The book is a little heavy on the exposition. There's quite a bit of "But surely, you can't mean..." going on and "As I said already, and for some reason feel the need to restate...", but it's the most prevalent in the first third of the book. Zuckerman paces his story so that the Sentinels must bring themselves to become spies and actually go out on covert missions. They are dealing with incredibly rich individuals and organizations, after all; they know that discovery could mean certain death. So, I would say that the first part of the book is like a Greek drama in that the action happens off-stage and everything must be "spelled out" for the audience, but later on we get to see things happening. It also means that a little time on characterization goes missing, since we go from exposition directly to action; there's not much room to endear us to the heroes. We agree with their mission, and we want them to succeed, but the more minor characters, like Ian and Tony, lose out on earning much interest from the reader.
As for the subject matter, which on the outset seems a bit heavy: Zuckerman handled it deftly and with enough skill that one doesn't need a finance degree to understand what's going on. I happen to be an Economics student, so I agree with his theories on money being the prime mover of wars and history.
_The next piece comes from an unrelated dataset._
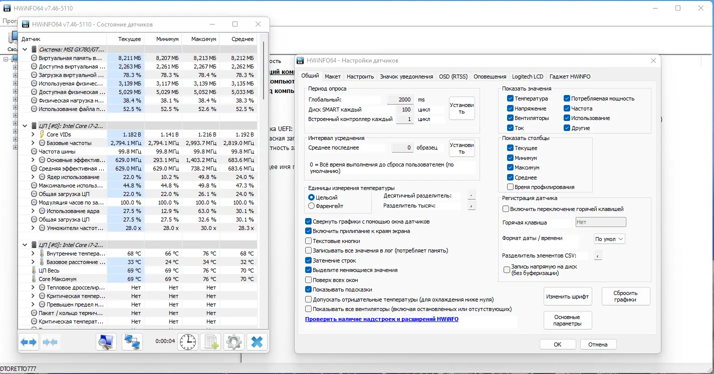 - Поддерживается мониторинг температуры компонентов в реальном времени, что особенно важно при разгоне или длительной нагрузке.

Technically, and from what I know of political science, this is Marxist theory, where history is a progression of markets and workers, and of course the financial giants work into that (it's only Marxist in that he was the first theorist to talk about History with a capital H in purely Economical with a capital E terms, not in reference to that it promotes pure Marxism, and by that I mean what we would typically term "communism," and... oh my lord, I'm DONE). Regardless, it made for an exciting premise and made sure that this was something of an "intelligence thriller", as well.
Overall, I liked the subject matter, the setting, and the basis of the characterization. There were some narrative issues, with the pacing and the minor characters, and it's not John Le Carre, but on the whole a fine debut thriller. It will be interesting to see if Zuckerman continues on with "The Sentinels."